There 2 basic ways to look at the content¹.


For more use the DOOR.




   First, let me divert to the C. S. Lewis’s Narnia Chronicles, 7 books about a child’s fantasy about visiting another that has many parallels to the message of the Bible.

   The series begins with The Lion, the Witch, and the Wardrobe, the trip of four children (and the return) into another fallen world. Problems of sin and character are dealt with in this world, as Aslan the Great Lion dies and rises again and paying for evil one child did and thereby breaking a witch’s spell.

   The tales continue the story (which we recommend) for 6 more volumes.

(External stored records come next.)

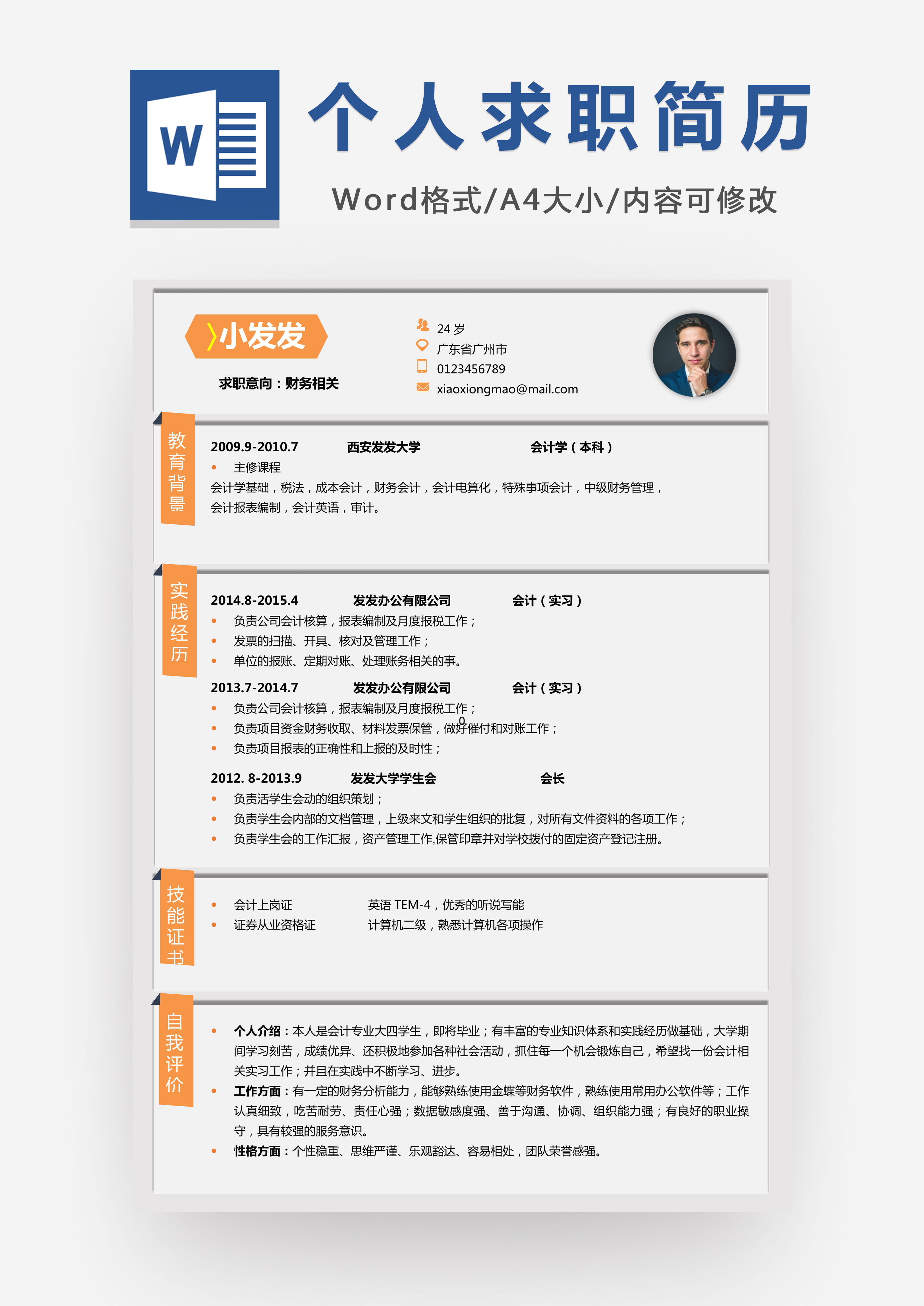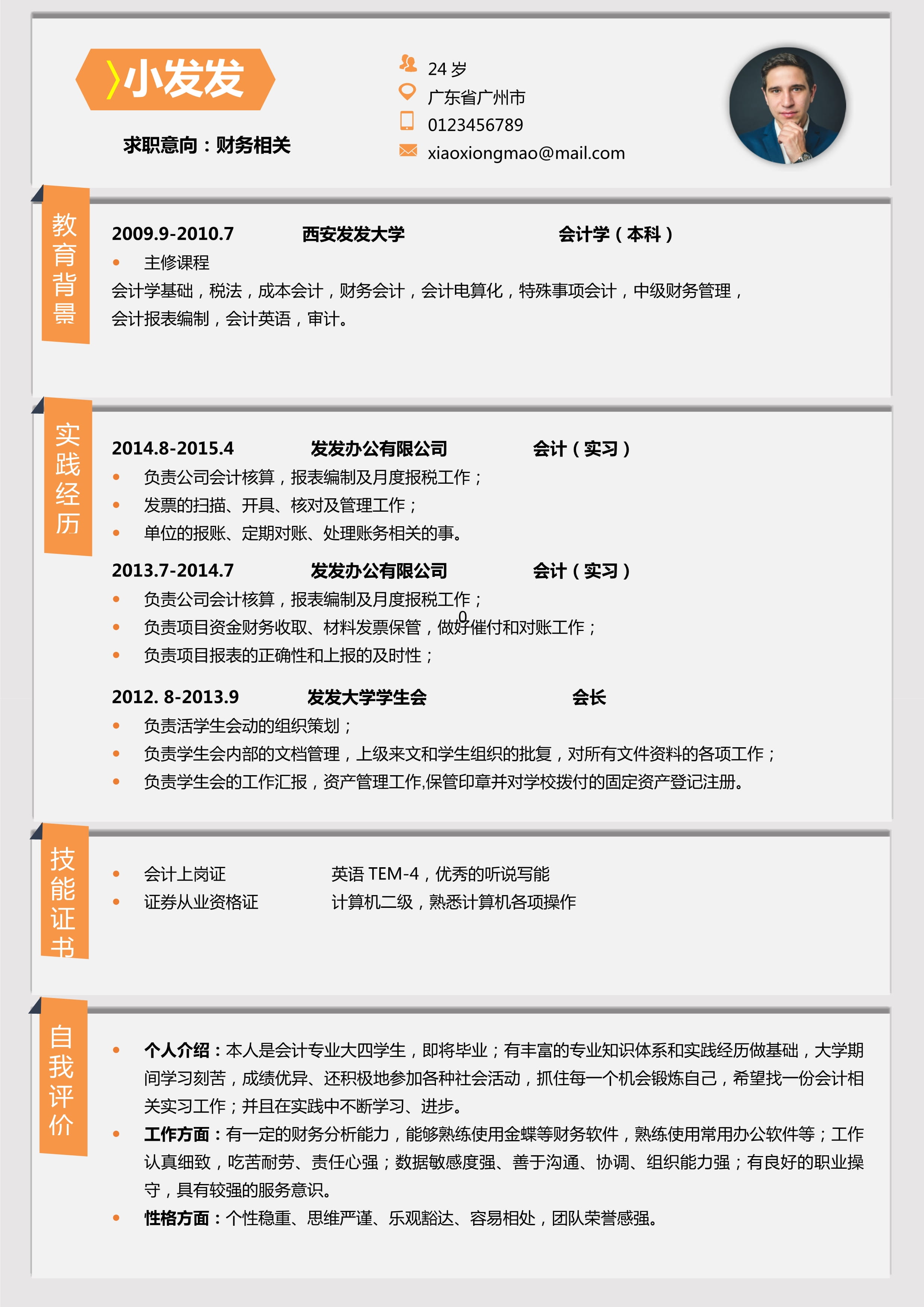 本作品内容为橙色小清新财务个人求职简历word简历模板, 格式为 docx, 大小1 MB, 页数为1, 请使用软件Word打开, 作品中主体文字及图片可替换修改,文字修改可直接点击文本框进行编辑,图片更改可选中图片后单击鼠标右键选择更换图片,也可根据自身需求增加和删除作品中的内容, 源文件无水印, 欢迎使用发发资源库。
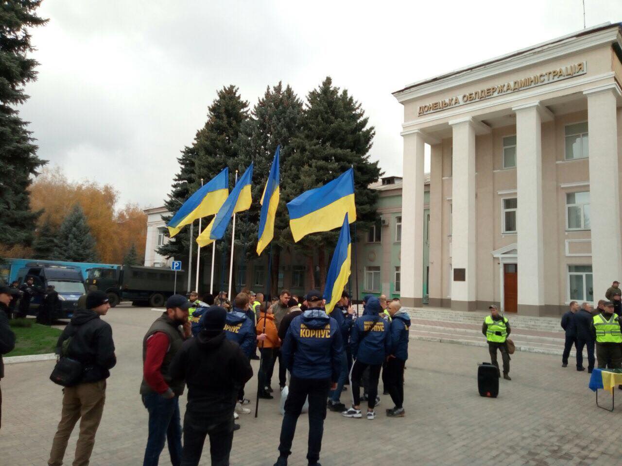 В Краматорске Донецкой области пару десятков человек из Национального корпуса собрались сегодня под зданием Донецкой областной администрацией. Об этом сообщает корреспондент "Страны".
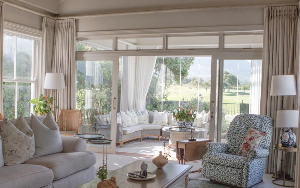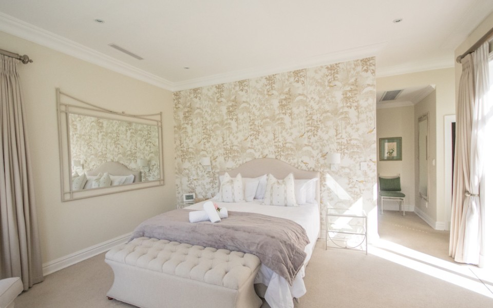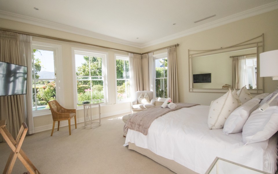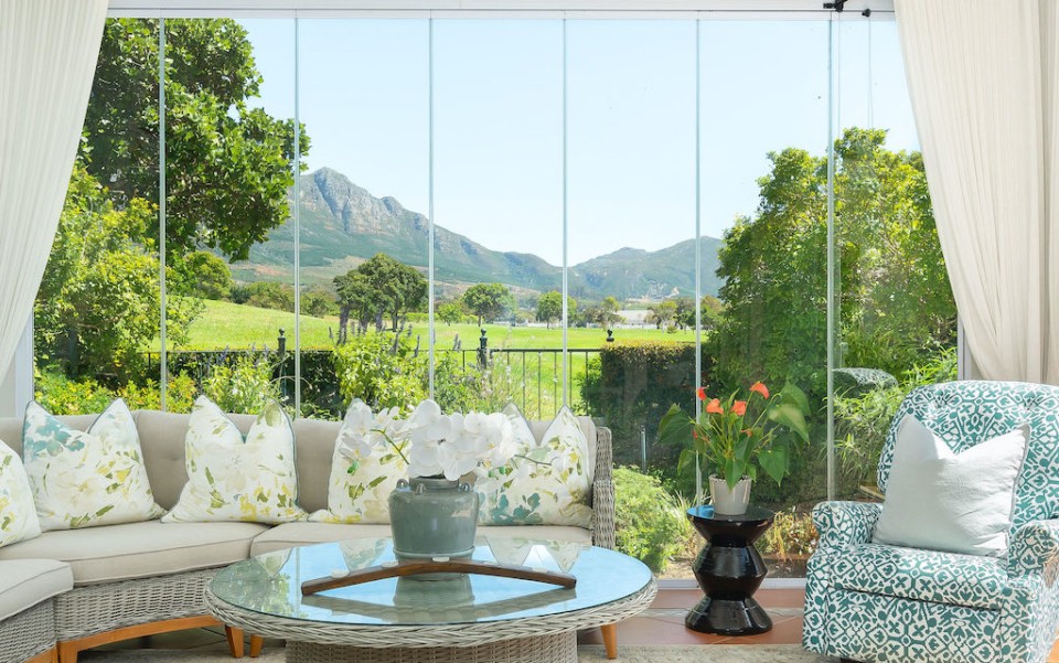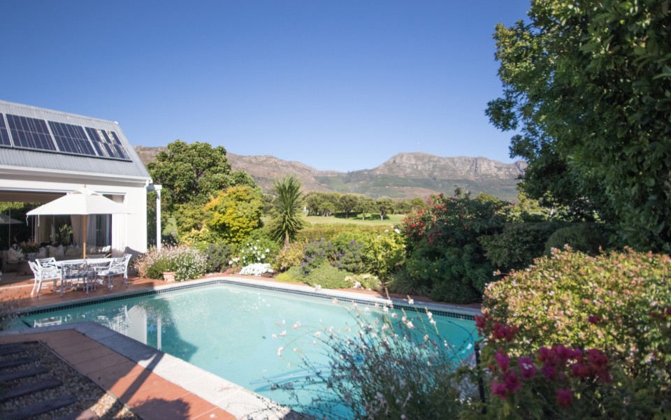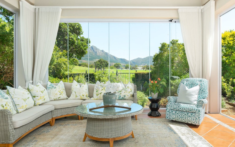 Fully immerse yourself in an elegant and classic Cape lifestyle at this gracious 3-bedroom Steenberg Golf Estate villa. The vineyards, oak-tree lined lanes and the magnificent Steenberg Mountain range invites you to revel in the best the Cape Winelands has to offer. Overlooking a golfing green, this special residence is bathed in natural sunlight, bright airy spaces, and surrounded by a picture perfect English country style garden. Original artworks grace the villa, adding a special touch to the plush and luxurious interior decor. Natural tones with pops of colour refresh every space with life. Offering 3 double en-suite bedrooms, complete with jacuzzi baths, there is ample space to accommodate 6 guests comfortably. Get your work done in the private study, complete with an office desk and uncapped WIFI to ensure you’re connected at all times. Our amazing chef Esther is included in the rate to cook scrumptious meals for you 5 days a week.

   But how did Narnia come about? one begins to ask. This is addressed–finally–in The Magician’s Nephew (Book 6).

   Once Lewis was asked, Which book should a person read first? He said Book 6, because that’s where things start.

   I disagree. Start with The Lion, the Witch, and the Wardrobe. I want to see things happen–first.

   If I was starting out cold in the series, I would care little for a strange place called “Narnia.” In fact, the book itself has a hard time to get going. (Sorry, C. S.) But it is a logical place to begin the series.

   Now I’m going to make an awkward comparison.

  As to content of the Bible.

   Where should one start? There are two basic choices, and each has strengths and weaknesses²–as you’ll quickly see.

  First, realize that the Bible is a book that was written by at least 40 people many hundreds of years ago. It is not conveniently organized for the first-time reader.

   Choice 1:  Start at page 1 in go through it to the end. (Collect some organizing helps and talk to those who’ve done this before.)

   Choice 2:  Begin with the New Testament and the book of Matthew. Christians believe that Jesus Christ is the central figure looked forward to in the Old Testament and described in the first books of the New Testament. After the 4 Gospels in the NT the early church is described.

   I suggest if you’re new to all this, pick Choice 2. Doing so is actually applying a literary technique called in medias res which means starting a story “in the middle of things.” Novels and movies use this devise often. We see things happen and then begin to wonder about what happened earlier.

  Choice 2 introduces the action. The Old Testament, of course, has plenty of action…and it still matters for many, many reasons.


   ¹ Much is not considered below! This is simply and overview of content, seen from a Christian point of view.

   ² For example, prophecies that point to a coming Messiah…which are fulfilled, often in unexpected ways…paint a strong picture of Jesus that one can miss by starting with the New Testament.